Does anyone have any experience with these boats? Not much info in the archives, and I can''t find any internet resources. I''ve been looking for a small PHRF racer and occasional overnighter in the 20-25'' range. How does this Mirage perform? Thanks.


----------



## Mirage 236 (Sep 18, 2020)

magpie said:


> Does anyone have any experience with these boats? Not much info in the archives, and I can''t find any internet resources. I''ve been looking for a small PHRF racer and occasional overnighter in the 20-25'' range. How does this Mirage perform? Thanks.
> .


----------



## paulk (Jun 2, 2000)

You didn't find this?:https://sailboatdata.com/sailboat/mirage-26-perry. You could do worse than have a boat designed by Robert Perry. On the other hand, it's PHRF rating is likely somewhere between 198 and 225, depending upon where you are. Not a lightning bolt. For comparison, the J/24 rates 171; pretty quick for that size. On the other hand, though, the Mirage has real bunks, cockpit seats, a head, a galley, a salon table you can sit at, likely an inboard engine, and possibly headroom - a lot more than a J/24 offers in creature comforts. A Kirby 25 might also meet your needs performance-wise, though accommodations would be more like the J/24's.


----------



## Jeff_H (Feb 26, 2000)

paulk said:


> You didn't find this?:https://sailboatdata.com/sailboat/mirage-26-perry. You could do worse than have a boat designed by Robert Perry. On the other hand, it's PHRF rating is likely somewhere between 198 and 225, depending upon where you are. Not a lightning bolt. For comparison, the J/24 rates 171; pretty quick for that size. On the other hand, though, the Mirage has real bunks, cockpit seats, a head, a galley, a salon table you can sit at, likely an inboard engine, and possibly headroom - a lot more than a J/24 offers in creature comforts. A Kirby 25 might also meet your needs performance-wise, though accommodations would be more like the J/24's.

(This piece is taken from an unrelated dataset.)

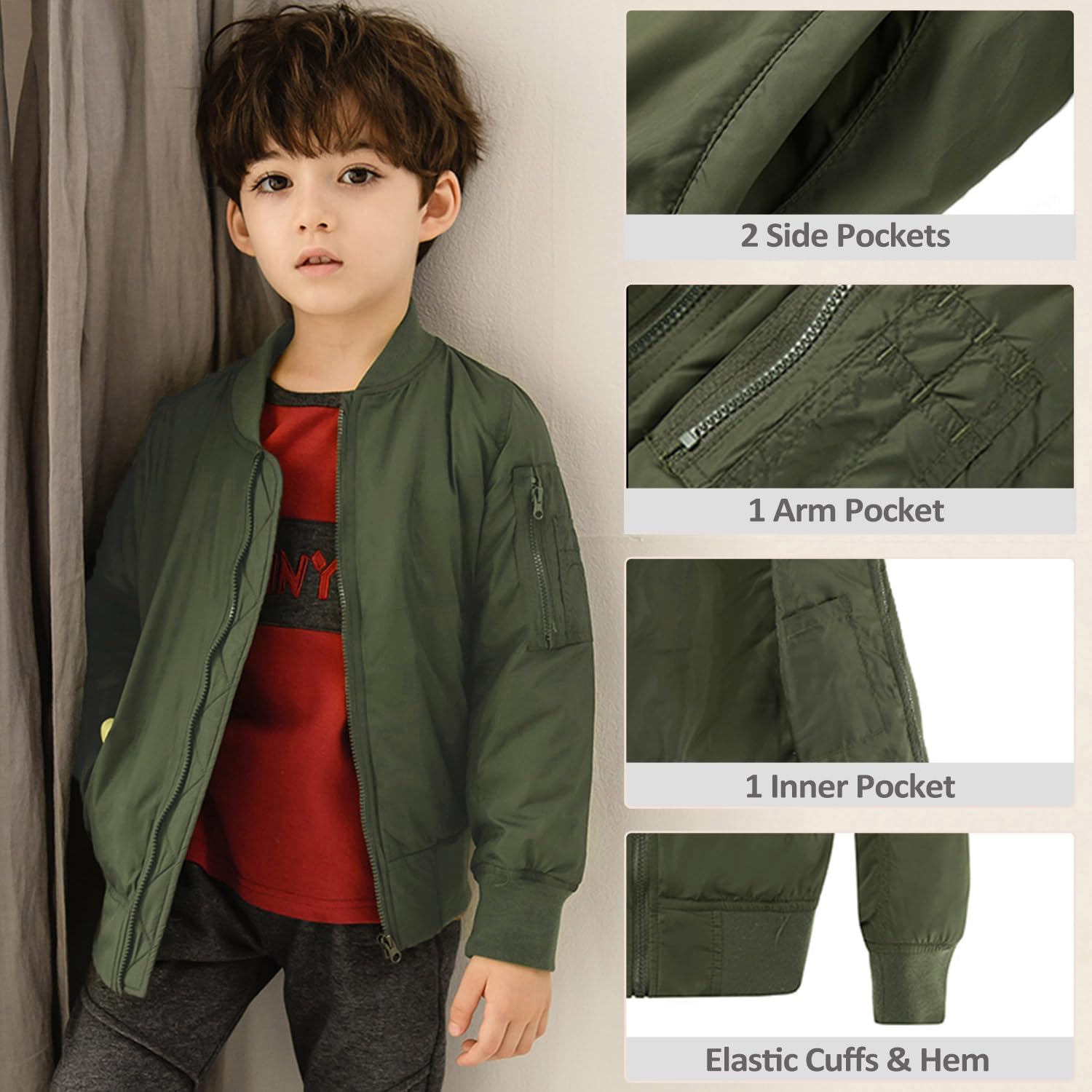 Premium Material Shell: 100% Nylon / Lining: 100% Polyester. Soft & Durable CUNYI kids bomber jacket is crafted from high-quality materials that are both durable and cozy, ensuring long-lasting wear. Windproof Design Our bomber jacket features a windproof design that shields them from gusts. Let your little one enjoy activities without any discomfort. Water Resistant The fabric is treated to repel water, keeping your child dry and comfortable even in light rainfall. 4 Convenient Pockets This winter jacket comes with 4 pockets, providing ample storage space for your child’s essentials, such as bus cards, keys or snacks. Multiple Occasions Our bomber jacket effortlessly combines style and functionality, making your kids look chic while being ready for casual outing, school day, or outdoor adventure. Easy Care Hand wash softly to prevent deformation. No bleach or dry clean.

I think that this about the Mirage 236 which is a Bruce Kelley designed 23 foot MORC race boat built in Gainesville, Florida. I think that you are thinking of the Canadian Mirage, who built the Kirby 25 and Kirby 30.

I know the Kelley designed, Florida built boats in passing having visited the factory on a number of occasions and watched them being built when I was at University of Florida in the same town. I later daysailer on one of the centerboard versions. My sense is that they were reasonably well built, and sailed well. They were very fast compared to Morgan 22, Catalina 22, and San Juan 21's which were common on Sarasota Bay.

Jeff


----------



## paulk (Jun 2, 2000)

Oops! You're right... my mistake. And who knows what happened to Magpie, in any case.


----------